The agreement signed by Saudi Arabia’s central bank to enable local banks to deploy xCurrent for cross-border payments could lead to savings of up to $400 million, according to Moody’s Investor Services.
Ripple signed an agreement with the Saudi Arabian Monetary Authority (SAMA) to create the pilot programme for cross-border payments.
The pilot programme, the first of its kind to be launched by a central bank, allows participating Saudi banks can explore a solution for cross-border transactions using distributed ledger technology (DLT, or blockchain). SAMA and Ripple will also provide programme management, training and other support to banks.
The pilot programme will test the system with a small number of banks and transactions, and allow banks, regulators and technology incubators to learn and adjust before ultimately adopting the technology for a wider use.
“A successful pilot likely will lead Saudi banks to integrate DLT into their existing payment infrastructure, improving payment transparency and efficiency,” Moody’s said in its Credit Outlook, written for research clients.
“Saudi banks will potentially improve their profitability on cross-border transactions by reducing the cost of each transaction, while gaining revenue with higher volume as the customer experience improves with the saving of money and time.”
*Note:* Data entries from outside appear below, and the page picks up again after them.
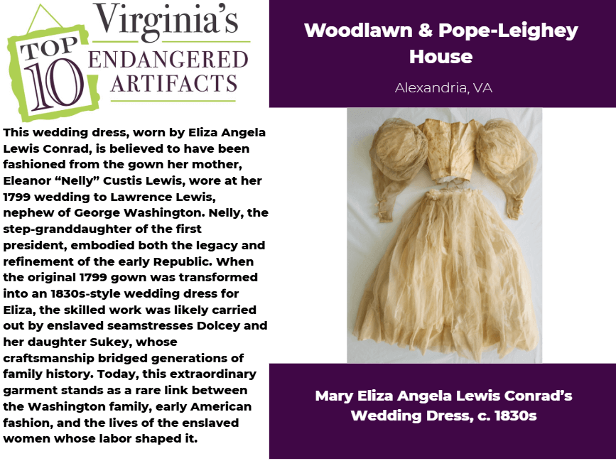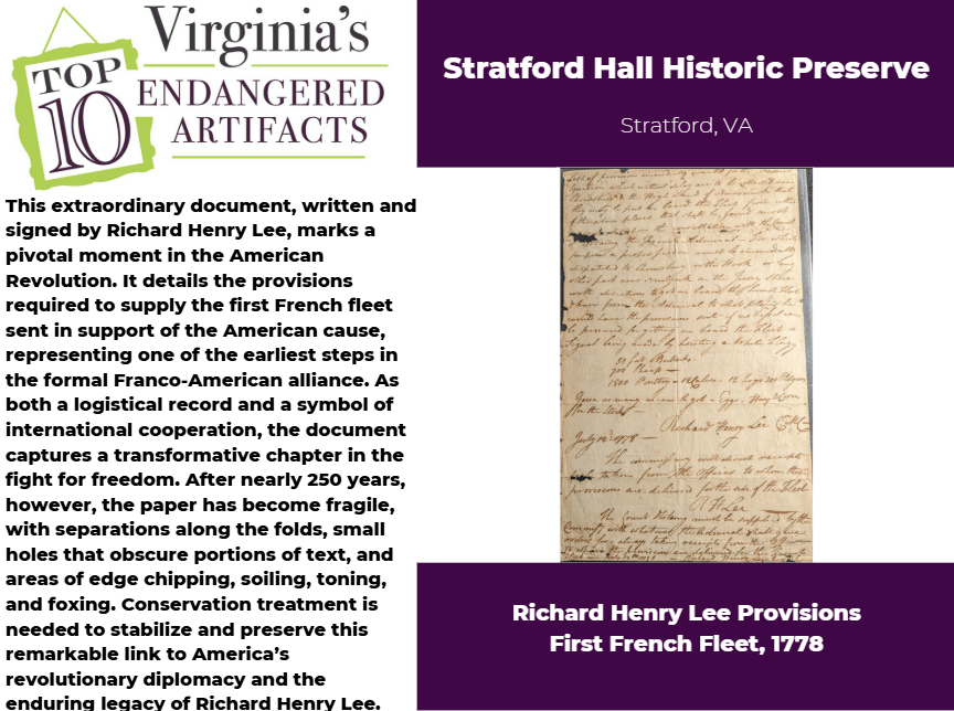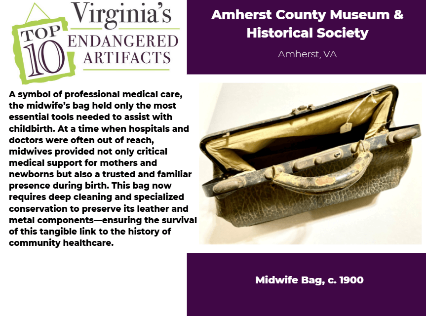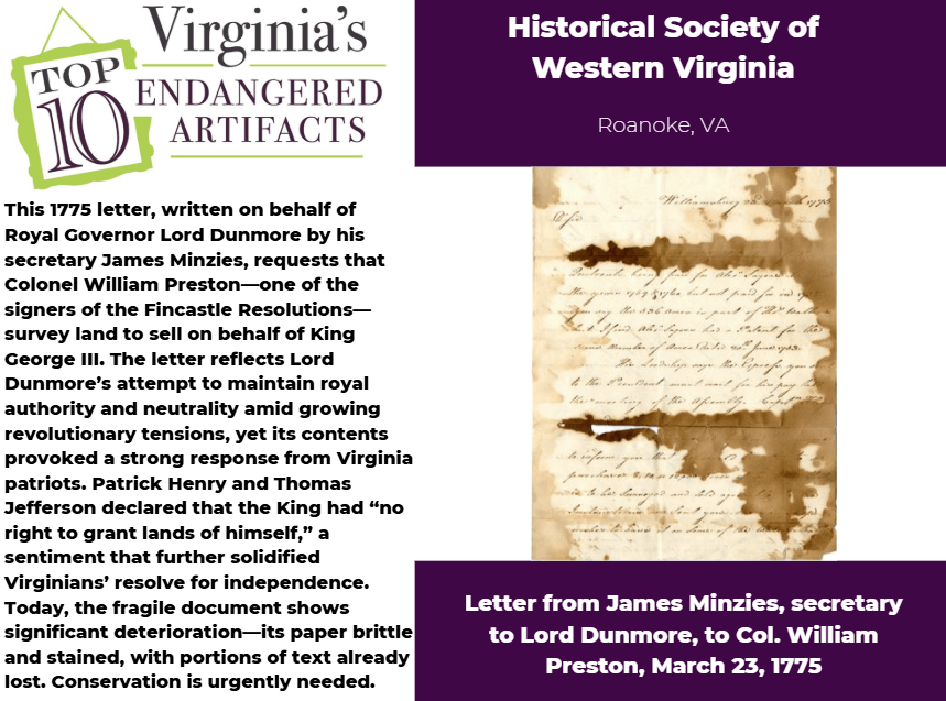 About the Virginia's Top 10 Endangered Artifacts program: Museums, archives, libraries, historical societies, and other collecting organizations in Virginia and Washington, DC submit nominations of endangered artifacts that share the stories, accomplishments, and struggles of the Commonwealth’s history and culture for consideration of selection as an honoree of the 2026 Top 10 Program. VAM’s Top Ten Endangered Artifacts Program has been nationally recognized and replicated by other states while helping more than 200 organizations. The annual top ten list creates a greater awareness of the important and diverse stories told through these rare treasures.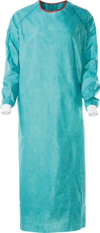 Halvarmforsterket OP-innpakningskåpe med væsketett, pustende halvarmforsterket raglanarm samt væsketett, pustende brystforsterkningsområde og spesielt bred overlapping av ryggpartiet; med det patentbeskyttede Combitape®-lukkesystemet som fester seg sikkert på hver del av kåpens bakside og sikrer fleksibel tilpasning av halsåpningen; med rød halsåpning (forsterket) for bedre identifikasjon i OP; for operasjoner med høy væskeproduksjon; med SMS-innpakning og papirhåndklær; individuelt pakket.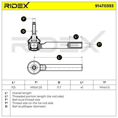 Spurstangenkopf RIDEX 914T0393

Moody’s estimates that even a 10% reduction in the cost of completing and managing a cross-border transaction will translate to savings of roughly $200 to $400 million per year system-wide.
Saudi Arabia, like other GCC countries, has a large number of migrant workers who make a large number of low-value transactions when sending remittances to their home countries. Moody’s said the user of DLT could be of particular value in such situations.
“The World Bank estimates that fees on remittances average a high 7.1% of the transaction volume, and we estimate that cost could fall 50% with DLT,” Moody’s said.
Even with a successful pilot, Moody’s does not expect an imminent widespread use of DLT in cross-border payments, either in Saudi Arabia or globally.
“SAMA is not looking to shake up its financial system, but rather expect DLT solution to act as an intermediary between Saudi Arabia’s banks and global banks in the completion of transactions,” said Moody’s.
It added that last year the Bank of England completed a proof of concept with Ripple, broadly concluding that DLT showed promise at enabling two separate real time gross settlement systems (the infrastructure that allows real time payments within a country or a currency block) to communicate and achieve seamless global interoperability.
“The pilot program will test the system with a small number of banks and transactions, and allow banks, regulators and the technology incubators to learn and adjust before ultimately adopting the technology for a wider use,” it said.